The function complete.cases() returns FALSE if there is any row with at least one variable information is missing. Also try using !complete.cases().

9.4.1 Basic data exploration

Looking at individual variables is always suggested as a part of the EDA.

par(mfrow= c(2,3))
boxplot(cars$speed, col = "grey", lwd = 2,
        xlab = "speed (mph)")
hist(cars$speed, probability = TRUE, col = "grey", 
        xlab = "speed (mph)", main = "")
plot(density(cars$speed), main = "speed (mph)")
rug(jitter(cars$speed))
boxplot(cars$dist, col = "grey", lwd = 2, 
        xlab = "Stopping distance (ft)")
hist(cars$dist, probability = TRUE, col = "grey", 
        xlab = "Stopping distance (ft)", main = "")
plot(density(cars$dist), main = "Stopping distance (ft)")
rug(jitter(cars$dist))

We can use the shapiro.test() function to test whether the data is normally distributed.

shapiro.test(cars$speed)

    Shapiro-Wilk normality test

data:  cars$speed
W = 0.97765, p-value = 0.4576
shapiro.test(cars$dist)

    Shapiro-Wilk normality test

data:  cars$dist
W = 0.95144, p-value = 0.0391

From the output, at 5% level of significance, we reject the null hypothesis for the variable Stopping distance (ft) that it is normally distributed using Shapiro Wilks test Royston (1995). However, it is important to note that the \(p\)-value is 0.0391, therefore, we can not reject it at \(1\%\) level of significance.

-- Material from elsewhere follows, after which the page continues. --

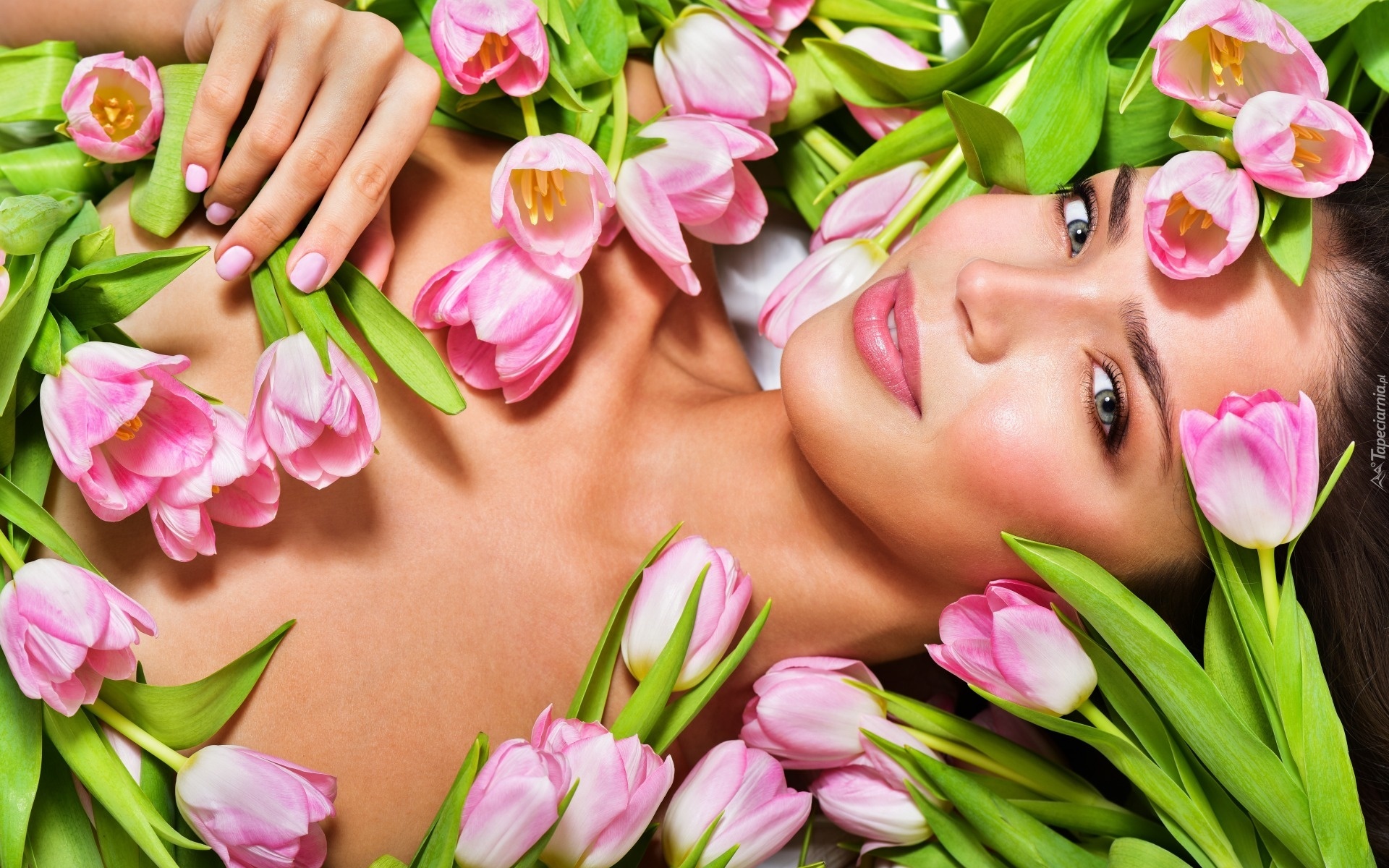 Edytor tapety: Dziewczyna, Tulipany
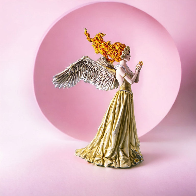 Preciosa hada que representa el espíritu de las llamas. Su energía vibrante y sus delicadas alas simbolizan la pasión, la transformación y la fuerza interior. Esta figura evoca la magia del fuego como fuente de inspiración, creatividad y renovación, capturando la esencia de lo elemental y lo fantástico.

A natural question arises how Stopping distance (ft) varies as a function of speed (mph). First let us explore the scatter plot between these two variables.

par(mfrow = c(1,1))
plot(cars$speed, cars$dist, type = "p", pch = 19,
     col = "darkgrey", ylab = "Stopping distance (ft)",
     xlab = "speed (mph)")

To explore some kind of linear relationship between Stopping distance and Speed, we first check whether there is significant correlation between them. Therefore, we test the following hypothesis for the correlation coefficient \(\rho = \mbox{Corr}(\mbox{dist, speed})\)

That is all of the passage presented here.